** Records shown **

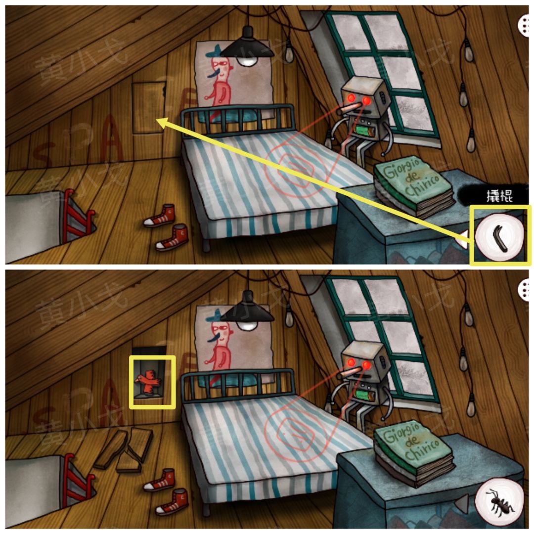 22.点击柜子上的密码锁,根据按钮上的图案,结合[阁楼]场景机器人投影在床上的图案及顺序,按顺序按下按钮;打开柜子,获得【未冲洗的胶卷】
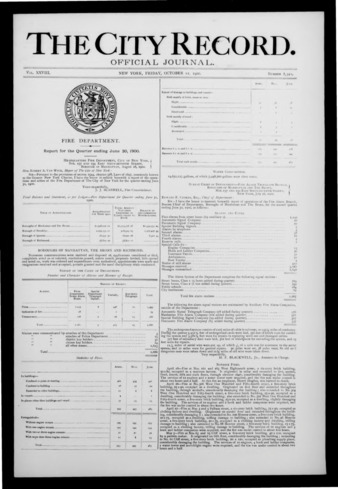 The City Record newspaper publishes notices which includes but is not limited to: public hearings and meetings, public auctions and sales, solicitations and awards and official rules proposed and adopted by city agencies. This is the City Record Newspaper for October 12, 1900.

--

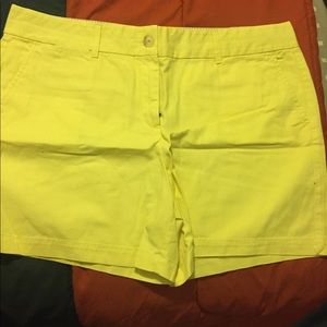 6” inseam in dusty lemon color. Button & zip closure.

** Exercise details **
An exact copy is needed of the entries above, starting at the line that holds "22.点击柜子上的密码锁,根" and stopping at the line that holds "The City Record newspaper publishes", both kept; pictures stay out.

** Solution for this task **
 22.点击柜子上的密码锁,根据按钮上的图案,结合[阁楼]场景机器人投影在床上的图案及顺序,按顺序按下按钮;打开柜子,获得【未冲洗的胶卷】
 The City Record newspaper publishes notices which includes but is not limited to: public hearings and meetings, public auctions and sales, solicitations and awards and official rules proposed and adopted by city agencies. This is the City Record Newspaper for October 12, 1900.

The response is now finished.